Efficient hydrosilylation reaction in polymer blending: An original approach to structure PA12/PDMS blends at multiscales

An in situ amide hydrosilylation reaction was developed to prepare polyamide 12 (PA12)/polysiloxane copolymers by reactive blending. This reaction is focused on the addition of hydrogenosilane groups (SiH) from polysiloxane to the carbonyl group from the PA12 amide function. To evidence this carbonyl hydrosilylation onto an amide based polymer, an approach on model compounds (use of N-methylpropionamide) was carried out. The mechanism and kinetics were investigated with multinuclear NMR (1H, 13C and 29Si). During kinetics studies, the concentration of N-silylated copolymers can reach 70 mol% after 2 h reaction at 100 °C. Amide hydrosilylation reaction was extended to the reactive blending of polyamide 12 with PDMS-SiH under molten processing conditions. Formation of a structured blend was investigated by rheology and electronic microscopy at different scales. The impact of both shearing and reaction on the final morphology was deeply studied and the interfacial enhancement by compatibilization was confirmed. As a result, the dispersion of PDMS domains decreased from 3 to 4 μm to around 0.8 μm in diameter forming submicronic morphology.
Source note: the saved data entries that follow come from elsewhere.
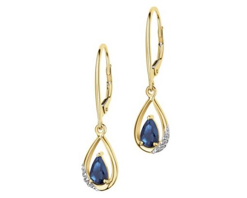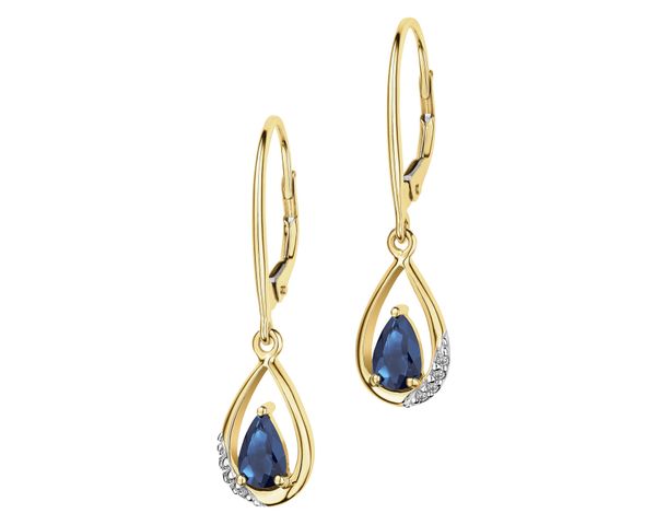 Kolczyki z żółtego złota z diamentami i szafirami – próba 585 – 229.106. Żółte złoto rodowane
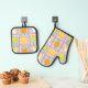 Gelbe Zitronen Rosa Streifen Ofenhandschuh & Topflappen-Set
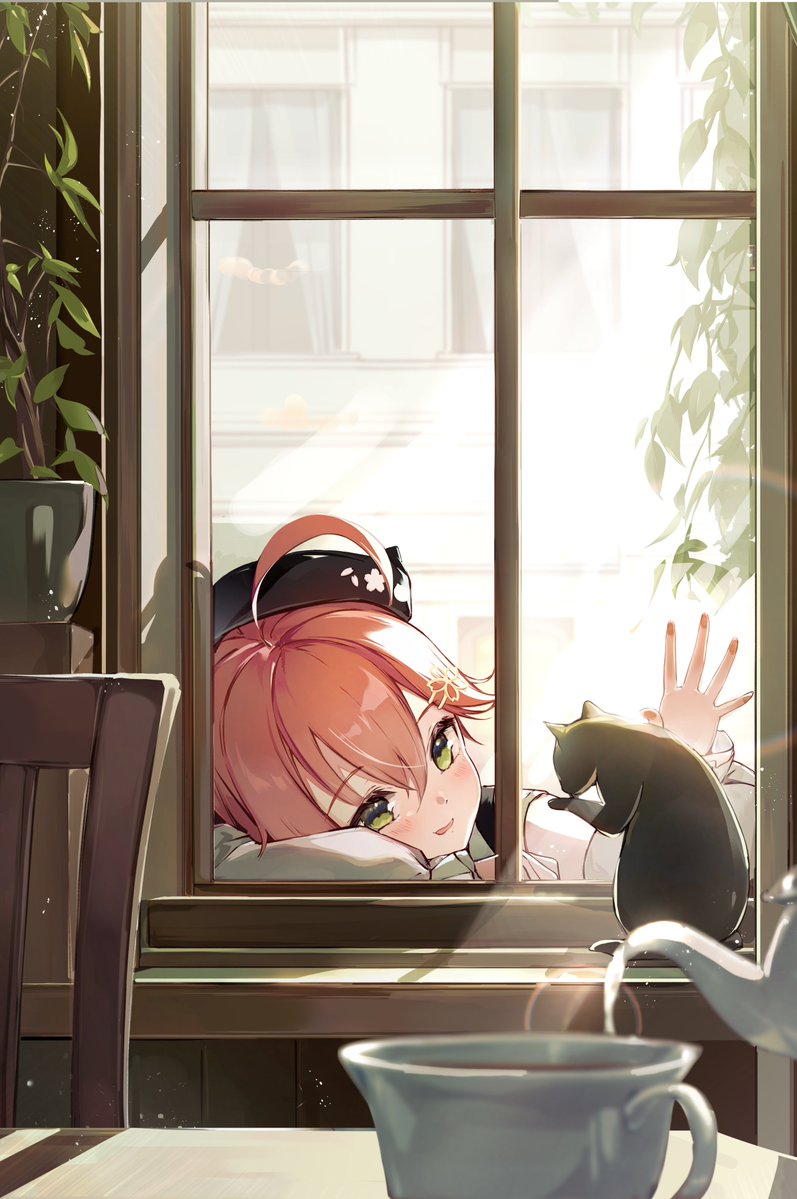 1girl ahoge black_cat black_headwear cat chair cup green_eyes hair_ornament hairclip hololive official_alternate_costume pink_hair plant pouring sakura_miko sakura_miko_(casual) solo syafa table teacup teapot virtual_youtuber window
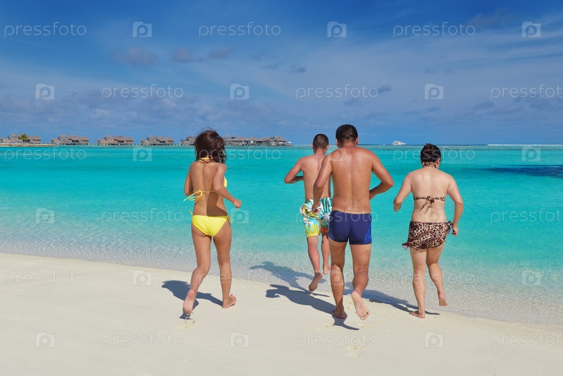 Группа счастливых молодых людей веселится на пляже
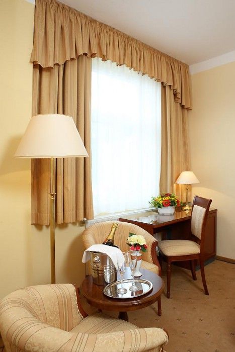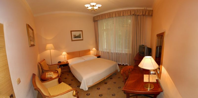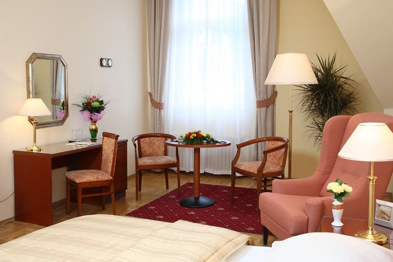 Отель расположен в самом центре Карловых Вар, напротив Гейзеровой колоннады и лечебницы «Замковые Лазне». С 1867 года на этом месте находился пансионат Annaberg, затем 2 здания были снесены и в 1898-99 годах на их месте был построен новый бальнеологический отель Wurttenberger Hof. Позднее отель был переименован в Puskin. В 2001 и 2002 годах ресторан на первом этаже и весь номерной фонд гостиницы были реконструированы. До Праги 123 км (около 2-х часов езды), до аэропорта Праги 114 км (около 1,5 часов езды), до аэропорта Карловых Вар 5,2 км (около 9 минут езды).
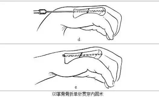 4.复位和内固定 掌、指骨骨折复位比较容易,手法牵引,加骨膜剥离器撬拨,即可复位。复位后,常用克氏针内固定,其方法有:
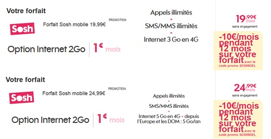 -Le forfait Sosh 24/24 +3Go en promo à 9.99€ au lieu de 19.99€ par mois et ce pendant 1 an intègre les appels illimités 24h/24 et 7j/7, les SMS et MMS illimités en France 24h/24 et 7j/7 et vers les DOM, les SMS illimités en déplacement en Europe et DOM et de la France vers l’Europe. Pour les usages data, vous profitez d'un accès Internet avec un volume de 3Go par mois en 4G (débit réduit au-delà). Profitez de 5Go de data en ce moment et à vie en ajoutant l'option 2Go à 1€ par mois.

Furthermore, it was possible to control the dispersion of PDMS at different scales by modifying the physico-chemical parameters (molar mass and functionality) of both components. [Display omitted] •Efficient reactive compatibilization in PA12/PDMS-SiH blend was achieved through ruthenium-catalyzed hydrosilylation.•The compatibilization relies on formation of N-silylated copolymers through reaction.•A second gel-based dispersion with a nano size comes from PDMS self-crosslinking.